*** Source records Section Begins ***
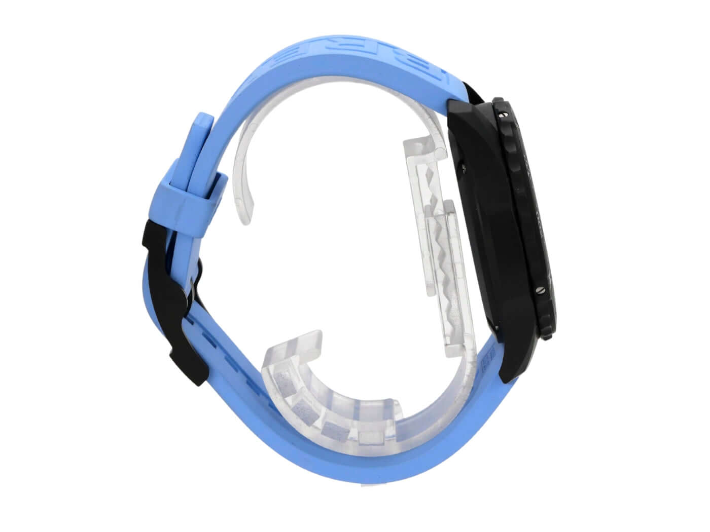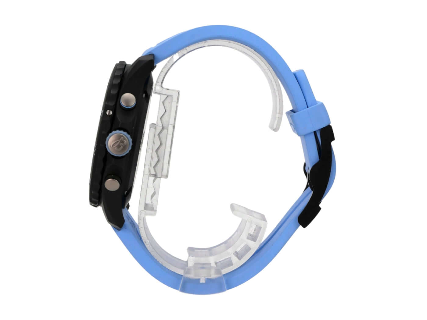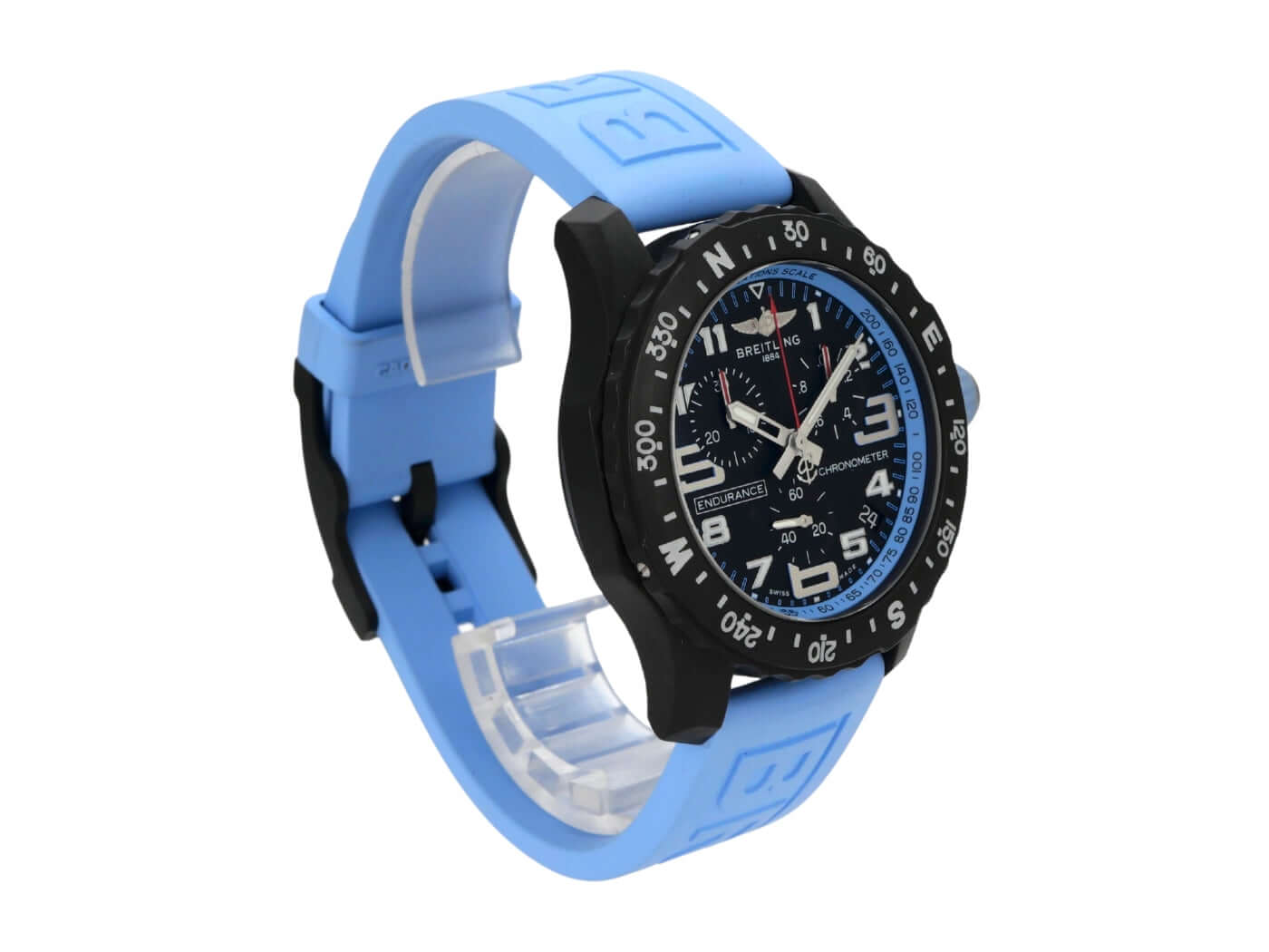 Gehäuse aus Breitlight, Gehäusedurchmesser 44 mm, Gehäusehöhe 12,5 mm, Breitlight Lünette beidseitig drehbar, blaues Kautschukband mit Dornschließe, schwarzes Zifferblatt mit aufgesetzten Leuchtziffern und Leuchtzeiger, Quarzwerk, Breitling 82, Datumsanzeige, Chronograph, Chronometer, Saphirglas doppelseitig entspiegelt, Breitlight Boden, wasserdicht bis zu 10 bar.
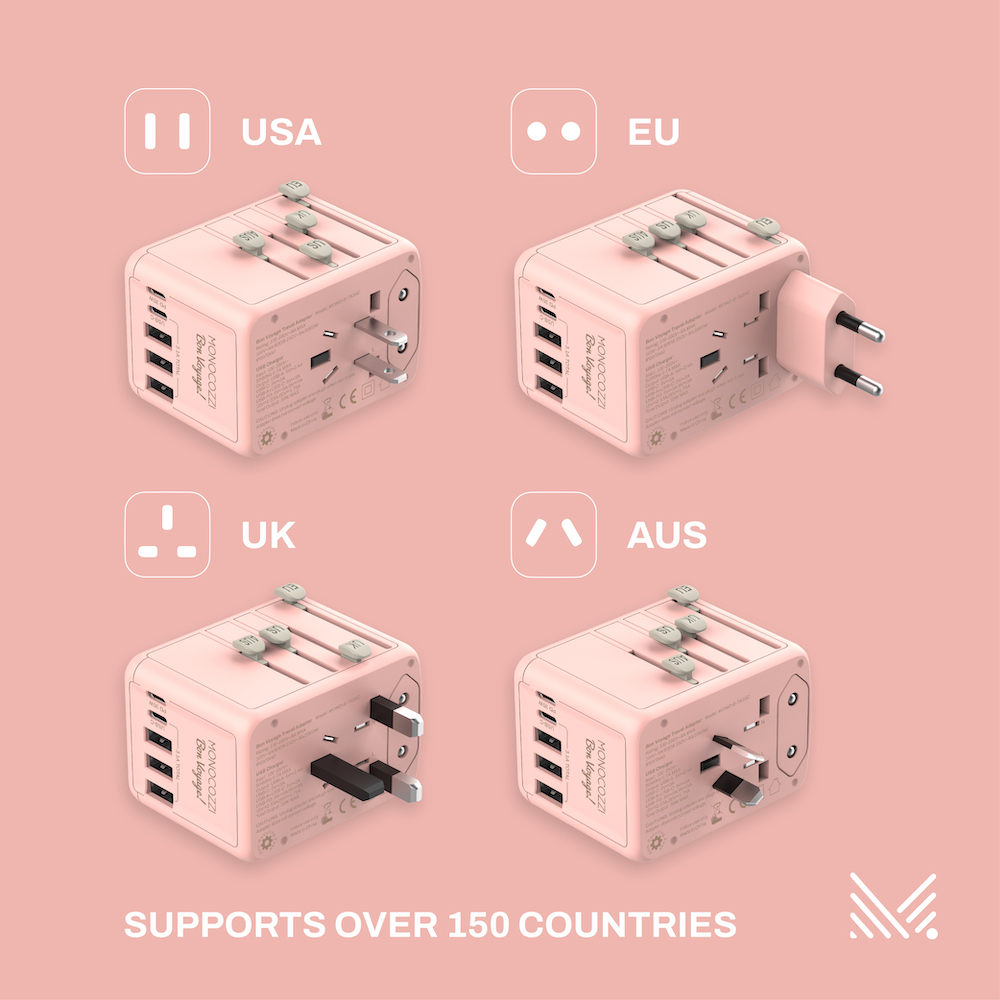 BON VOYAGE 萬用旅行插座支持全球超過 150 個國家/地區。 它確保您的設備可以在世界任何地方使用。
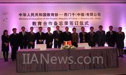 2011年2月16日,中华人民共和国教育部—西门子(中国)有限公司教育合作备忘录签订仪式在北京隆重举行。教育部副部长郝平与西门子(中国)有限公司执行副总裁、东北亚工业业务领域总裁吴和乐博士共同宣布双方将合作推动中国工程教育发展。西门子承诺为中国高校和职业院校培养高素质的工程人才贡献力量——把西门子在工业界最新的技术带到教育领域,把西门子的工程师培养机制、员工培训体系、认证体系和追求卓越、矢志创新、勇担责任的企业文化带进校园。这一合作标志着西门子正式与教育部建立长期战略合作伙伴关系,以加强双方在教育领域的密切合作。
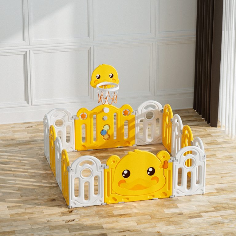 Sklopiva ogradica sa košem „Pače“ 160*166 cm (žuta+bela boje)
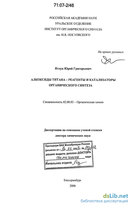 Актуальность проблемы Ллкоксиды титана находят широкое применение в органической химии в качестве реагентов и каїализаіоров, обеспечивающих высокую хемо-, регио- и стериоселективность химических реакций. Их особая ценносіь как реаіеніов заключаеіся в сравниіельно мягких условиях проіекания изогипсических или окислительно-восстановительных реакций, чю приближаем эти соединения к металлокомплексным ферментам. Зачасіую удає і ся сокраїить ряд стадий синтеза. Вместе с тем влияние сіроения алкоксиїрунньї, сокаталитическое действие различных добавок изучены слабо, ірадиционно используется только изопропоксид титана. Указанные воздействия позволякн управлять скоростью и селективностью каталитического процесса, повьішаїь выход конечных продуктов. Исследование возможности алкоксидов іитана аісіуально и в практическом плане, іак как после завершения реакции катализатор может бьпь леї ко удален в виде биологически безвредных неорганических соединений титана. Все то стимулирует изучение алкоксидов титана в качестве реагентов и катализаторов органических реакций, чю в конечном счете должно привести как к усовершенствованию традиционных химических превращений, так и к созданию новых. В целом, но обеспечиї более глубокое понимание возможностей и досюинсів металлокомилексноіо катализа.
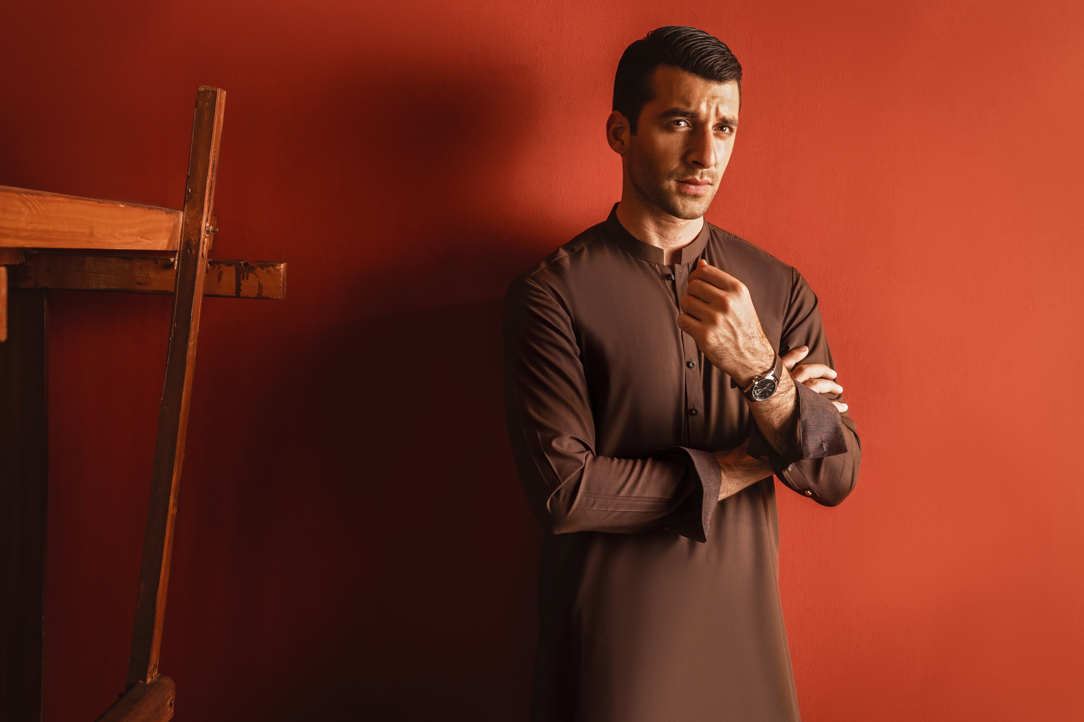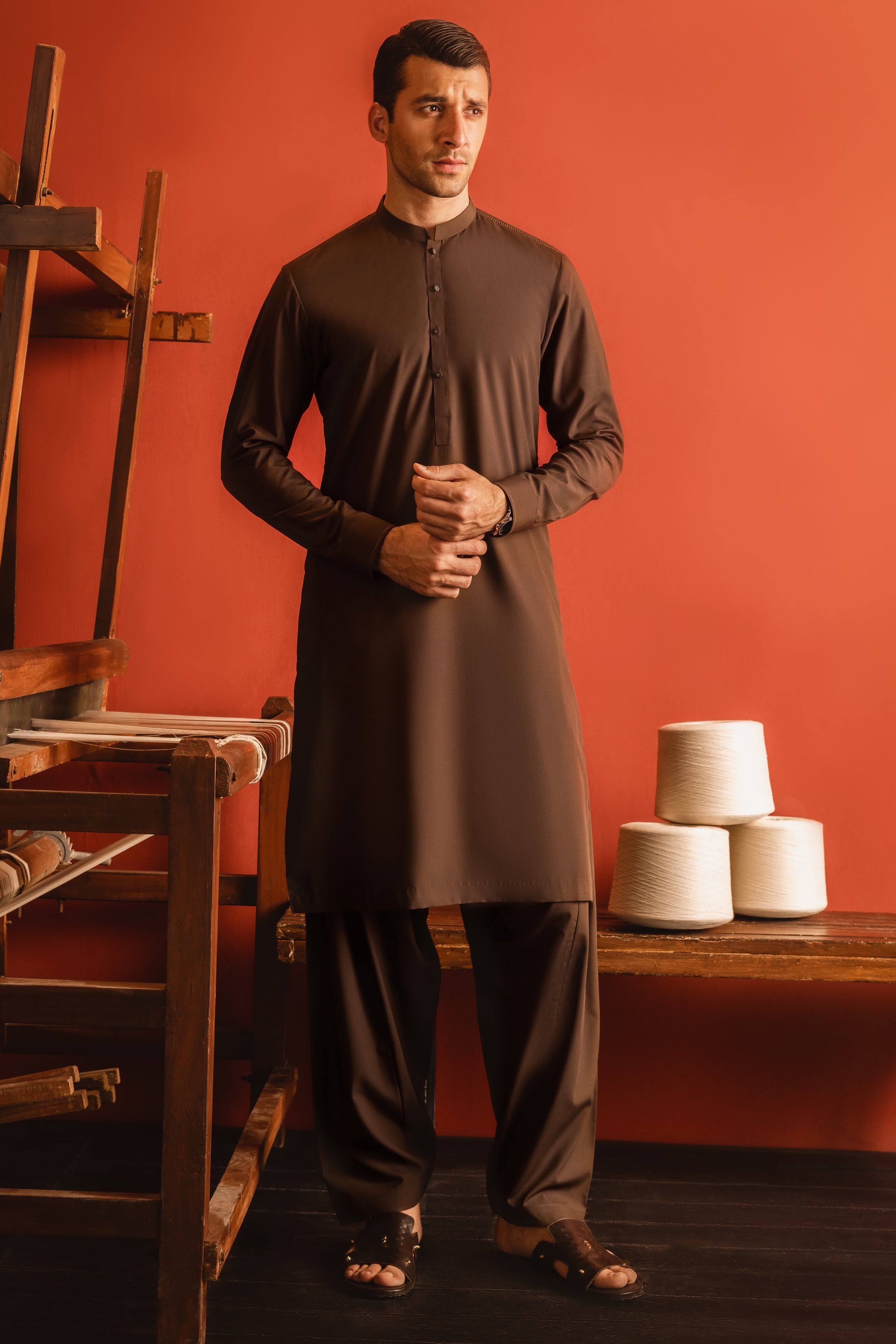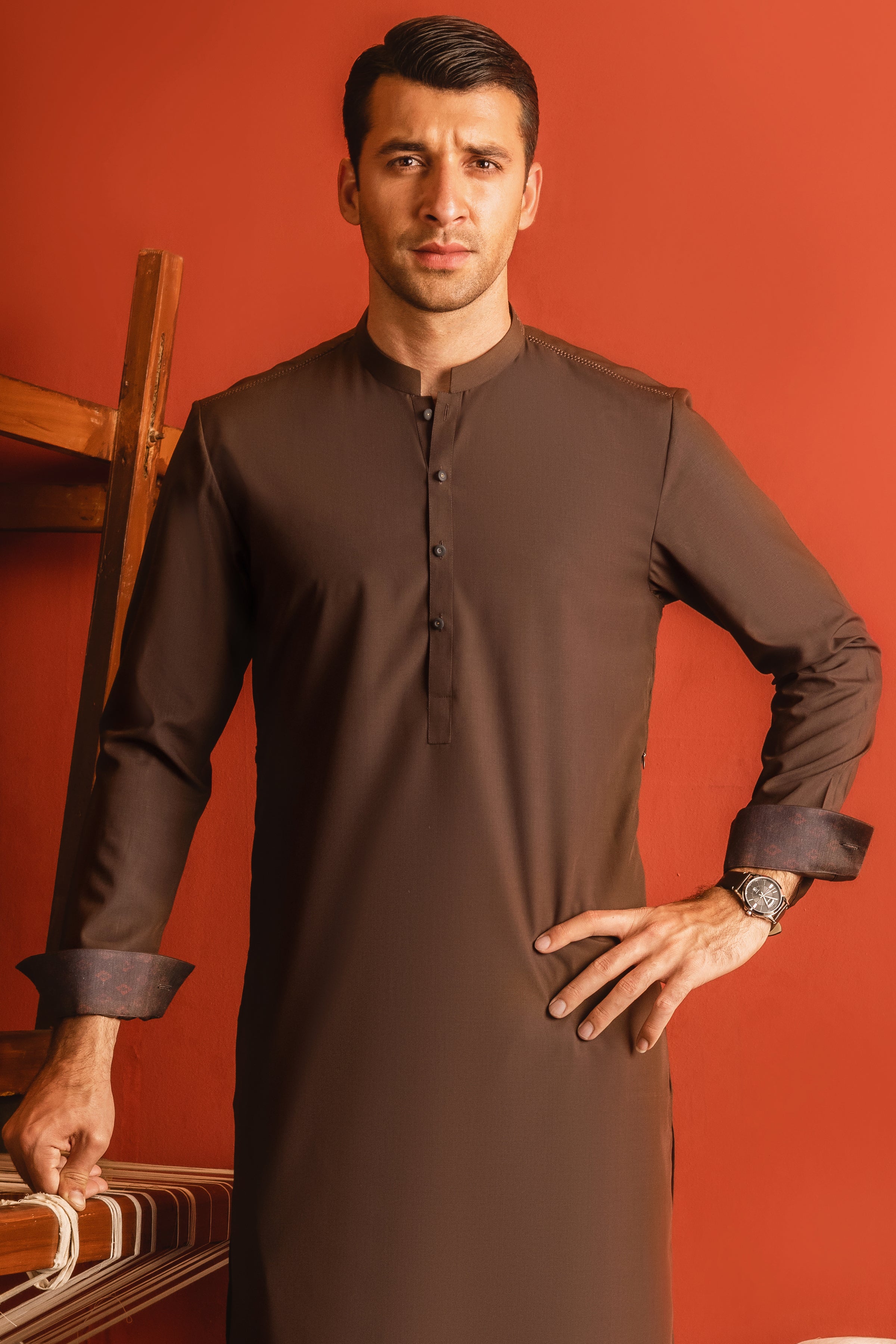 Crafted from a sumptuous premium blended fabric in the richest of browns, Tokyo is a landscape defined by its simplicity and elegance. Meticulously tailored with a clean Mandarin collar and simple buttons along its front placket and triple buttoned cuffs, it is finished with a similarly toned shalwar.
*** Source records Section Ends ***
Task to complete » From the first record to the last, retype everything exactly except the images.

Task response »
 Gehäuse aus Breitlight, Gehäusedurchmesser 44 mm, Gehäusehöhe 12,5 mm, Breitlight Lünette beidseitig drehbar, blaues Kautschukband mit Dornschließe, schwarzes Zifferblatt mit aufgesetzten Leuchtziffern und Leuchtzeiger, Quarzwerk, Breitling 82, Datumsanzeige, Chronograph, Chronometer, Saphirglas doppelseitig entspiegelt, Breitlight Boden, wasserdicht bis zu 10 bar.
 BON VOYAGE 萬用旅行插座支持全球超過 150 個國家/地區。 它確保您的設備可以在世界任何地方使用。
 2011年2月16日,中华人民共和国教育部—西门子(中国)有限公司教育合作备忘录签订仪式在北京隆重举行。教育部副部长郝平与西门子(中国)有限公司执行副总裁、东北亚工业业务领域总裁吴和乐博士共同宣布双方将合作推动中国工程教育发展。西门子承诺为中国高校和职业院校培养高素质的工程人才贡献力量——把西门子在工业界最新的技术带到教育领域,把西门子的工程师培养机制、员工培训体系、认证体系和追求卓越、矢志创新、勇担责任的企业文化带进校园。这一合作标志着西门子正式与教育部建立长期战略合作伙伴关系,以加强双方在教育领域的密切合作。
 Sklopiva ogradica sa košem „Pače“ 160*166 cm (žuta+bela boje)
 Актуальность проблемы Ллкоксиды титана находят широкое применение в органической химии в качестве реагентов и каїализаіоров, обеспечивающих высокую хемо-, регио- и стериоселективность химических реакций. Их особая ценносіь как реаіеніов заключаеіся в сравниіельно мягких условиях проіекания изогипсических или окислительно-восстановительных реакций, чю приближаем эти соединения к металлокомплексным ферментам. Зачасіую удає і ся сокраїить ряд стадий синтеза. Вместе с тем влияние сіроения алкоксиїрунньї, сокаталитическое действие различных добавок изучены слабо, ірадиционно используется только изопропоксид титана. Указанные воздействия позволякн управлять скоростью и селективностью каталитического процесса, повьішаїь выход конечных продуктов. Исследование возможности алкоксидов іитана аісіуально и в практическом плане, іак как после завершения реакции катализатор может бьпь леї ко удален в виде биологически безвредных неорганических соединений титана. Все то стимулирует изучение алкоксидов титана в качестве реагентов и катализаторов органических реакций, чю в конечном счете должно привести как к усовершенствованию традиционных химических превращений, так и к созданию новых. В целом, но обеспечиї более глубокое понимание возможностей и досюинсів металлокомилексноіо катализа.
 Crafted from a sumptuous premium blended fabric in the richest of browns, Tokyo is a landscape defined by its simplicity and elegance. Meticulously tailored with a clean Mandarin collar and simple buttons along its front placket and triple buttoned cuffs, it is finished with a similarly toned shalwar.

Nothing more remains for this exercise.